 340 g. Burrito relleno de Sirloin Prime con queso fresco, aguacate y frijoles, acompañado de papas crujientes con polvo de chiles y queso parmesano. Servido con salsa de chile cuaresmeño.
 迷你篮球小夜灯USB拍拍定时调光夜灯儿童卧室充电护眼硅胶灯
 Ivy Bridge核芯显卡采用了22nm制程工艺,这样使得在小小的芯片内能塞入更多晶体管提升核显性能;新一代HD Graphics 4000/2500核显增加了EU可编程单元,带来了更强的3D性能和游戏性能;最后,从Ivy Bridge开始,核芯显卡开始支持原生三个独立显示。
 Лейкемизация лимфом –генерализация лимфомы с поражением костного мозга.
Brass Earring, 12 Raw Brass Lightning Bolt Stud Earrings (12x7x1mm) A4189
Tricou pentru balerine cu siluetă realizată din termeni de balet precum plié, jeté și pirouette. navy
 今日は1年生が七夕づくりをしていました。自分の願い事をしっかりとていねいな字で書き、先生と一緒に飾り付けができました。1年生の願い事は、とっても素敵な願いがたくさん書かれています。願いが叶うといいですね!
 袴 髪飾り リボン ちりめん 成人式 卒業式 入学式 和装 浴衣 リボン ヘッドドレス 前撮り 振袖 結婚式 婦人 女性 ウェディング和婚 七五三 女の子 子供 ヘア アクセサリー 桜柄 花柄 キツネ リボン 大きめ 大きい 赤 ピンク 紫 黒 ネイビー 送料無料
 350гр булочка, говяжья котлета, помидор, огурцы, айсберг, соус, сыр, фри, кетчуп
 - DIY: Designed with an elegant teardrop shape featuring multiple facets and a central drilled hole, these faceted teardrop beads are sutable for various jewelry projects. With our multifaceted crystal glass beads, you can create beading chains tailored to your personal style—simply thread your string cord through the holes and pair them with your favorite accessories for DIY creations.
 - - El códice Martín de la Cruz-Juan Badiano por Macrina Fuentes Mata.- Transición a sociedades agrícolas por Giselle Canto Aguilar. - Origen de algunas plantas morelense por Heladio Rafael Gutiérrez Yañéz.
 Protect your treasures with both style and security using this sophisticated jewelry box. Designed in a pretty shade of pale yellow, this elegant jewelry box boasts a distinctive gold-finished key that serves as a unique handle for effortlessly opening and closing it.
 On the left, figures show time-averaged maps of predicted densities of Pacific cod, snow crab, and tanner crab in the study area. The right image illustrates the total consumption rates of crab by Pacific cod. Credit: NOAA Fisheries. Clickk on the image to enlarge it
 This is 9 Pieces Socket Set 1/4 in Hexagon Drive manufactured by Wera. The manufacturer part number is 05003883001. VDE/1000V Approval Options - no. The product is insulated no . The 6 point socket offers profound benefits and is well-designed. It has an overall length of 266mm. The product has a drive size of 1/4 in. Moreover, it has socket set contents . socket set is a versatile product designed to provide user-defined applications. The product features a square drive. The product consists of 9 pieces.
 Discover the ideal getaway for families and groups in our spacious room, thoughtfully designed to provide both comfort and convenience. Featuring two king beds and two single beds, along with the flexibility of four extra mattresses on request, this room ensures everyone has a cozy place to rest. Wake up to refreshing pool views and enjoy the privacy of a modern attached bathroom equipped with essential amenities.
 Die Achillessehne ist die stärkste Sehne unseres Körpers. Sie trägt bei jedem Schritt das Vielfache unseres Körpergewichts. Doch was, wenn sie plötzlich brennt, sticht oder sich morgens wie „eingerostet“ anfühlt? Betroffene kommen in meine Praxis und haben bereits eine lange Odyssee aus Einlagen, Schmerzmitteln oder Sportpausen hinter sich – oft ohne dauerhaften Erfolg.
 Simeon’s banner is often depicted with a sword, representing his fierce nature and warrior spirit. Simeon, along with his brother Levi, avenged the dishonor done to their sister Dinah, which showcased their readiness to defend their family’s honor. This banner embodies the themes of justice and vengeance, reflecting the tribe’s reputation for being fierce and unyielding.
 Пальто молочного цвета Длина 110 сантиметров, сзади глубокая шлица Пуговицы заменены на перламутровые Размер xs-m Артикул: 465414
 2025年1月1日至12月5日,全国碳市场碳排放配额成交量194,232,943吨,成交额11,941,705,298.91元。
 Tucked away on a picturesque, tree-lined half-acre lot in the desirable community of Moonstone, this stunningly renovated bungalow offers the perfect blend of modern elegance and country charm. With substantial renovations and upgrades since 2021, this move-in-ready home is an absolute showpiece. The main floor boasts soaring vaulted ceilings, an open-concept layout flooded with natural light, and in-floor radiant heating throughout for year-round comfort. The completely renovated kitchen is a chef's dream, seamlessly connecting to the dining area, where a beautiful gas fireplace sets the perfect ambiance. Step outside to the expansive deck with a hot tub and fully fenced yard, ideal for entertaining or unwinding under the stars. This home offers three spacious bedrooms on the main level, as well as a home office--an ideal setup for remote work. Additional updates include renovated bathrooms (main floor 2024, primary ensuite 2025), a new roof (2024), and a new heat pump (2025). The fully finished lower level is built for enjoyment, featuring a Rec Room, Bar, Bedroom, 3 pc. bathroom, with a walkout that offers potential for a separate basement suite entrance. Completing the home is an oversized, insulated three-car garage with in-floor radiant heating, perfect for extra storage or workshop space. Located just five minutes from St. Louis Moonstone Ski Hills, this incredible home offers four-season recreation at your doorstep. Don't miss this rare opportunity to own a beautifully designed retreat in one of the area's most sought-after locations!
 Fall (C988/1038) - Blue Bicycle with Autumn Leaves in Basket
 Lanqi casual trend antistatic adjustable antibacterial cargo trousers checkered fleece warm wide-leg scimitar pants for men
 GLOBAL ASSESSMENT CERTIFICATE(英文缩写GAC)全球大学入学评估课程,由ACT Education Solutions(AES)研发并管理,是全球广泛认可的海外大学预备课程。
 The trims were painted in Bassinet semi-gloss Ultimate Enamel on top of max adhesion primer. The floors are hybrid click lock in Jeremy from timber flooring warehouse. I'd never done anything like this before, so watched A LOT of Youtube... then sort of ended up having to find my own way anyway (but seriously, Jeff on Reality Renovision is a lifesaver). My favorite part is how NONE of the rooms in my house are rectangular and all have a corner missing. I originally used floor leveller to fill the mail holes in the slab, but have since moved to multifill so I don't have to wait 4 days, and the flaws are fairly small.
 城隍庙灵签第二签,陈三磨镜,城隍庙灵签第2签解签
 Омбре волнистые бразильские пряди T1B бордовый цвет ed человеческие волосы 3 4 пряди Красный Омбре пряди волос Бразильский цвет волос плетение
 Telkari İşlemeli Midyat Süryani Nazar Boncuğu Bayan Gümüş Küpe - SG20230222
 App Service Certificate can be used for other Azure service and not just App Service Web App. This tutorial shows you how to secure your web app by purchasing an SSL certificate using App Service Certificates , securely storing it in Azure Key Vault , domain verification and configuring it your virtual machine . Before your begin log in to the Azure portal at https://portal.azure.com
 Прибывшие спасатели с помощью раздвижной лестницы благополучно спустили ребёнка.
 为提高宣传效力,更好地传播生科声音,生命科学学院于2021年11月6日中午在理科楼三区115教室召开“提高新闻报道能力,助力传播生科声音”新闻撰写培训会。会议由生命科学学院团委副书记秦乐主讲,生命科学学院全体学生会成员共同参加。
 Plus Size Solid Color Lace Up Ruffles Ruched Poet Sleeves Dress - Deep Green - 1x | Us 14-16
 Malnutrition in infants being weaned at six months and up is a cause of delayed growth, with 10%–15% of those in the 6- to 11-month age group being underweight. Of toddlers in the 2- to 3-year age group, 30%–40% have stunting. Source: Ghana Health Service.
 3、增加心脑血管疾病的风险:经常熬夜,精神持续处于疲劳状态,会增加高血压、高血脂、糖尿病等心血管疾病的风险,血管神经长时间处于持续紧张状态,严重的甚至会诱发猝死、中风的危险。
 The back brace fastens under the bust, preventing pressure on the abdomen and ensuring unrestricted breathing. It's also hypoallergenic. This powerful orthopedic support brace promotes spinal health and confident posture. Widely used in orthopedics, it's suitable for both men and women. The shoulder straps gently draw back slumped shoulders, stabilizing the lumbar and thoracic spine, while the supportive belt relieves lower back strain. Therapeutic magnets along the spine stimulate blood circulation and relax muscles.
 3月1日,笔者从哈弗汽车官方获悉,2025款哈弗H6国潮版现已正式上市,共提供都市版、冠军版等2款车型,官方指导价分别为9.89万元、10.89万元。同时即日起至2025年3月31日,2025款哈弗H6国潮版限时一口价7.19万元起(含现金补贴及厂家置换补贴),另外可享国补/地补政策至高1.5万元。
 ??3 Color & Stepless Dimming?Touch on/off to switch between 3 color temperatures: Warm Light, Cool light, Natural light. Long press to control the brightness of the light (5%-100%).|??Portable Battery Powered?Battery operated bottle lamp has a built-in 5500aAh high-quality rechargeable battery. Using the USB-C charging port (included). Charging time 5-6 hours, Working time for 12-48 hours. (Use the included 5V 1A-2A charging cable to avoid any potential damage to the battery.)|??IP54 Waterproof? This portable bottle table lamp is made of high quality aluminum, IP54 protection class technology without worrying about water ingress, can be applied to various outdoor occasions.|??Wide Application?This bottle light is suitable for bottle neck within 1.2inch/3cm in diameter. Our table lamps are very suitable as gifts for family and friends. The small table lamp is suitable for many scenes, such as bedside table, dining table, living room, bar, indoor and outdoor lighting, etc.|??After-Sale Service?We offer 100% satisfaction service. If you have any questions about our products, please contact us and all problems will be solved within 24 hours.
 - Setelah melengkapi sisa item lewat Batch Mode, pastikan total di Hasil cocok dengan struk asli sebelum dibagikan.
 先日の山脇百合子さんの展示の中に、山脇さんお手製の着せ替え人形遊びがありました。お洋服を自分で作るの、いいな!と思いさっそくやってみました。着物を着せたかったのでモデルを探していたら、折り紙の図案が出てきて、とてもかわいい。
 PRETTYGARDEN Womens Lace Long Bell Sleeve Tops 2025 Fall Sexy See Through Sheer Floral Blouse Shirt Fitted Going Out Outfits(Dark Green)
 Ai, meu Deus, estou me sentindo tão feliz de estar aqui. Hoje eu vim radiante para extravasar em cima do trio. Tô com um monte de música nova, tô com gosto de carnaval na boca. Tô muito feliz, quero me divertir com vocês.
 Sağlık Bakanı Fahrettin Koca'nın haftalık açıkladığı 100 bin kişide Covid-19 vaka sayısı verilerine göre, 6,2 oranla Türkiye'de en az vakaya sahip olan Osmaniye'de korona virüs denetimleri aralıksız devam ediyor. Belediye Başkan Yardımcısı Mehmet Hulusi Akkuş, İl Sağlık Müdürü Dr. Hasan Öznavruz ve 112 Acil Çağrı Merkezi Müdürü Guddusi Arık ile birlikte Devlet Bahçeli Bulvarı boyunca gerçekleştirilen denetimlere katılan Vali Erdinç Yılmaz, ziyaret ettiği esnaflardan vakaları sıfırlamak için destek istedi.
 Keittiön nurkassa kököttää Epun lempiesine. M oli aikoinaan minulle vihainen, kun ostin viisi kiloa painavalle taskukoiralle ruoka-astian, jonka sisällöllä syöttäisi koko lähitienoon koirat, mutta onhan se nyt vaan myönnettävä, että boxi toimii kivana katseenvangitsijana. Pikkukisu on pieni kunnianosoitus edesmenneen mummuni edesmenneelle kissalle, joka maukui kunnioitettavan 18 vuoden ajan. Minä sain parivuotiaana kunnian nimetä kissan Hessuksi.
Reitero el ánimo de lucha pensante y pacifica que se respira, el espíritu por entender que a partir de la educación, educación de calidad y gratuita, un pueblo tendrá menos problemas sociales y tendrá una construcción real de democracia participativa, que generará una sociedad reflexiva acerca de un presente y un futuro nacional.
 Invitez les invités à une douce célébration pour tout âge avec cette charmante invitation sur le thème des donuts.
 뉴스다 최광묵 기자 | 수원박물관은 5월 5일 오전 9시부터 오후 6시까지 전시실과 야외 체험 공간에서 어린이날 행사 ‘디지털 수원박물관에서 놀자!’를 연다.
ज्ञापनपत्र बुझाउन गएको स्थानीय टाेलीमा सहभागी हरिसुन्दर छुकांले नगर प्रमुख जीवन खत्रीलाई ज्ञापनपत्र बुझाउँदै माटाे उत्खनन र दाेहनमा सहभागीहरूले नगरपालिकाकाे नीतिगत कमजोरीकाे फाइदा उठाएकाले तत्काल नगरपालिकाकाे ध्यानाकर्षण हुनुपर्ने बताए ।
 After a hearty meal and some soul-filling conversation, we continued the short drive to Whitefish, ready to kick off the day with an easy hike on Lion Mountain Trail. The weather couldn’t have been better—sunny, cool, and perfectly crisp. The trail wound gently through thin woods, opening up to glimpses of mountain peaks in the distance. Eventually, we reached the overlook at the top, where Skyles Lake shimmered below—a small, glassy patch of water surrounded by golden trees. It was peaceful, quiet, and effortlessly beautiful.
- - -
> Work to complete
In the listing above, find the line with "Омбре волнистые бразильские" and the line with "为提高宣传效力,更好地传播生", then print exactly those lines and every line between them.

> Answer box
 Омбре волнистые бразильские пряди T1B бордовый цвет ed человеческие волосы 3 4 пряди Красный Омбре пряди волос Бразильский цвет волос плетение
 Telkari İşlemeli Midyat Süryani Nazar Boncuğu Bayan Gümüş Küpe - SG20230222
 App Service Certificate can be used for other Azure service and not just App Service Web App. This tutorial shows you how to secure your web app by purchasing an SSL certificate using App Service Certificates , securely storing it in Azure Key Vault , domain verification and configuring it your virtual machine . Before your begin log in to the Azure portal at https://portal.azure.com
 Прибывшие спасатели с помощью раздвижной лестницы благополучно спустили ребёнка.
 为提高宣传效力,更好地传播生科声音,生命科学学院于2021年11月6日中午在理科楼三区115教室召开“提高新闻报道能力,助力传播生科声音”新闻撰写培训会。会议由生命科学学院团委副书记秦乐主讲,生命科学学院全体学生会成员共同参加。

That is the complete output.